Give again, exactly as written, the lines of the records below from the line with "Мыло хозяйственное Sarma" to the line with "completa a mãe.". Both end lines count; pictures do not.

BEGIN THE RECORDS

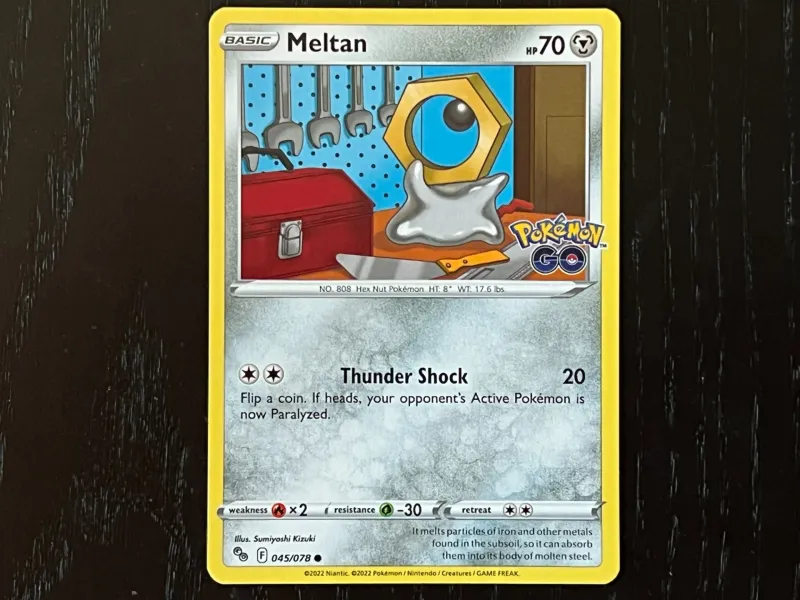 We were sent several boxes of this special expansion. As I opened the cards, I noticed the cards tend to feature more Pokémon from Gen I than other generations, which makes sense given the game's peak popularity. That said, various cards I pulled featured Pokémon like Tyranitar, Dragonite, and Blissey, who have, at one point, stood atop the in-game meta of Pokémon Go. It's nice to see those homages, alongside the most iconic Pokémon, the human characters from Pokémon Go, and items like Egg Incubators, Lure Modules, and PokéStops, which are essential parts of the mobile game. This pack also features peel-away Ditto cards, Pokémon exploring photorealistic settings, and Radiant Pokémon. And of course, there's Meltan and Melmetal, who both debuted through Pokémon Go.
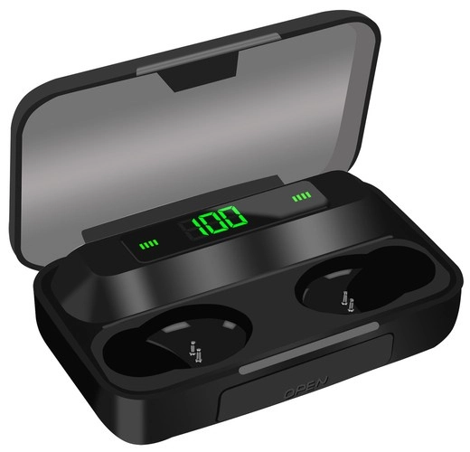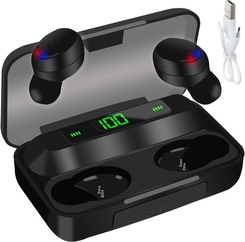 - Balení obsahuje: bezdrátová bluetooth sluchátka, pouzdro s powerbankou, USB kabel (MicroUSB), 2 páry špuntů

END THE RECORDS
BEGIN THE RECORDS

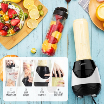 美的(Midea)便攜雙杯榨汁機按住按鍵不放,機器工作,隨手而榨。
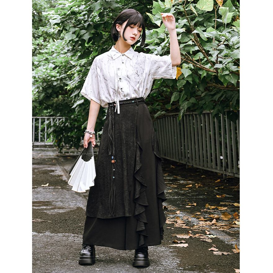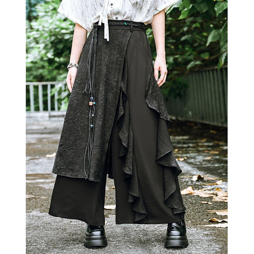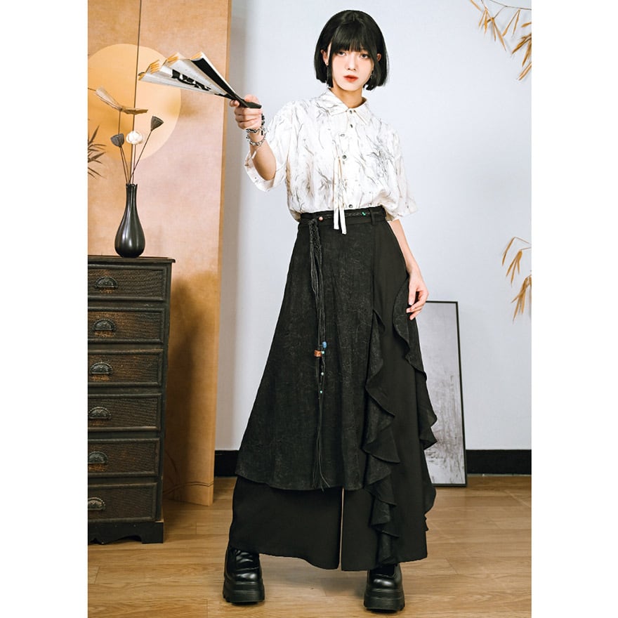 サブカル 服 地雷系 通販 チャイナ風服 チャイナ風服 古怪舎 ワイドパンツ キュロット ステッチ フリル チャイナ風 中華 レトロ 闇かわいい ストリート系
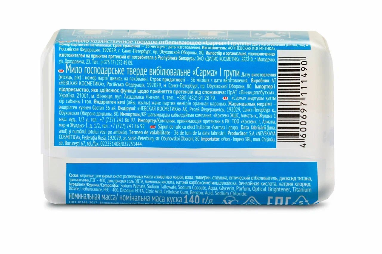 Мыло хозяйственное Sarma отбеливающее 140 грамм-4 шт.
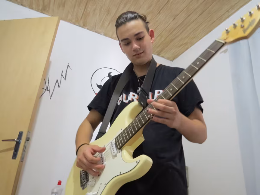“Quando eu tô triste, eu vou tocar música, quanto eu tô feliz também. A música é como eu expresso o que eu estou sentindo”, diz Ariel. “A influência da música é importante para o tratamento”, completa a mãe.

END THE RECORDS

- TASK ANSWER:
 Мыло хозяйственное Sarma отбеливающее 140 грамм-4 шт.
“Quando eu tô triste, eu vou tocar música, quanto eu tô feliz também. A música é como eu expresso o que eu estou sentindo”, diz Ariel. “A influência da música é importante para o tratamento”, completa a mãe.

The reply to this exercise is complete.